*** Opening of Supplied records ***
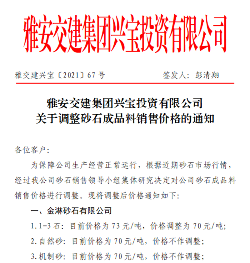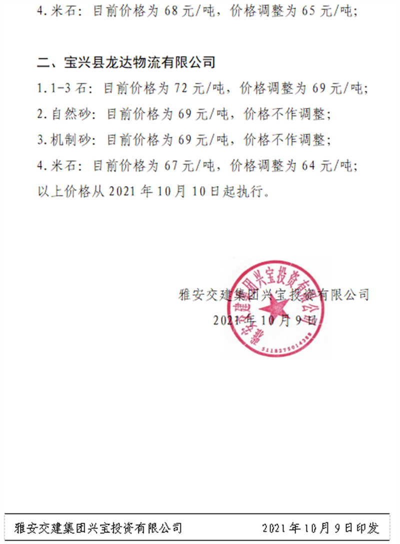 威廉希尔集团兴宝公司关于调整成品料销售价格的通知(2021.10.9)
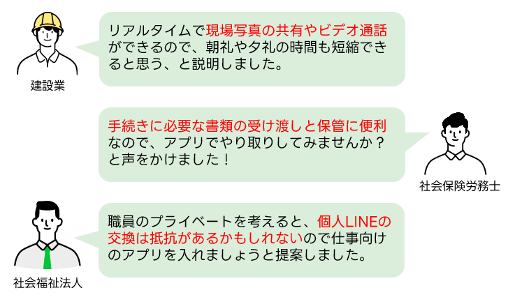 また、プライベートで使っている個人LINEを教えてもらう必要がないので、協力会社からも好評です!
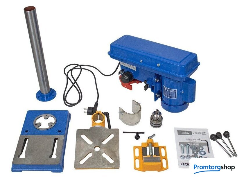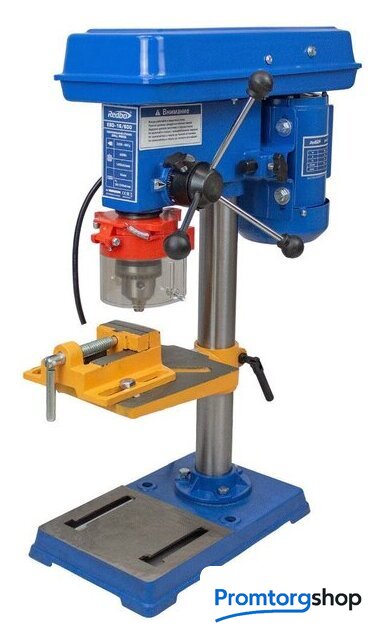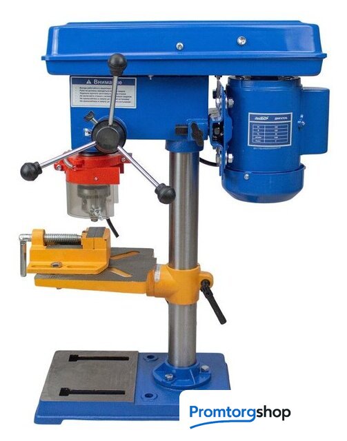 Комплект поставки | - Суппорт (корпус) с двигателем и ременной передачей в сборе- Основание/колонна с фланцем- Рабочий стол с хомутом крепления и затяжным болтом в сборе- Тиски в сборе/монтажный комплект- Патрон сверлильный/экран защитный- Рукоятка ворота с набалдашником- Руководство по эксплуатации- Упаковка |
*** Close of Supplied records ***
*** Opening of Supplied records ***
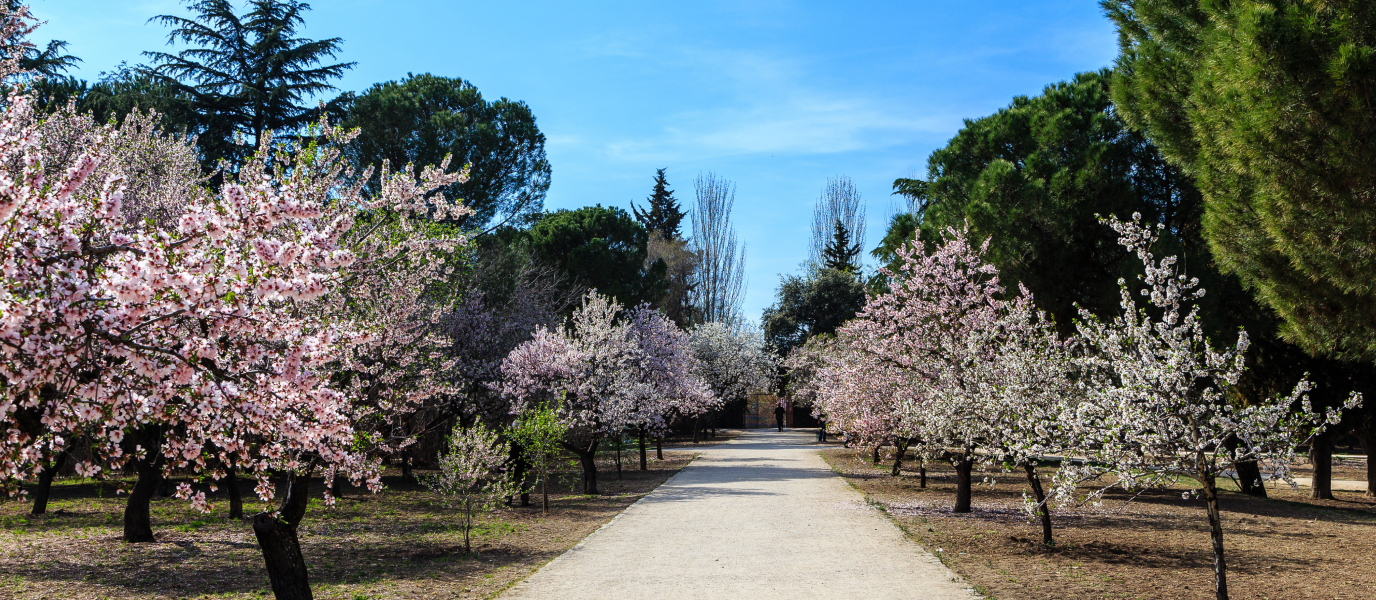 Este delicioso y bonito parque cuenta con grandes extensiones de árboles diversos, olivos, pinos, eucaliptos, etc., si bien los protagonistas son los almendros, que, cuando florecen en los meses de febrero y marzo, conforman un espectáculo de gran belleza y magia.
*** Close of Supplied records ***
### Your objective:
From the records above, copy only the lines running from the line holding "威廉希尔集团兴宝公司关于调整成品料销售价格的通知(2021.10.9)" through the line holding "Комплект поставки |", with no pictures.

### Answer to this exercise:
 威廉希尔集团兴宝公司关于调整成品料销售价格的通知(2021.10.9)
 また、プライベートで使っている個人LINEを教えてもらう必要がないので、協力会社からも好評です!
 Комплект поставки | - Суппорт (корпус) с двигателем и ременной передачей в сборе- Основание/колонна с фланцем- Рабочий стол с хомутом крепления и затяжным болтом в сборе- Тиски в сборе/монтажный комплект- Патрон сверлильный/экран защитный- Рукоятка ворота с набалдашником- Руководство по эксплуатации- Упаковка |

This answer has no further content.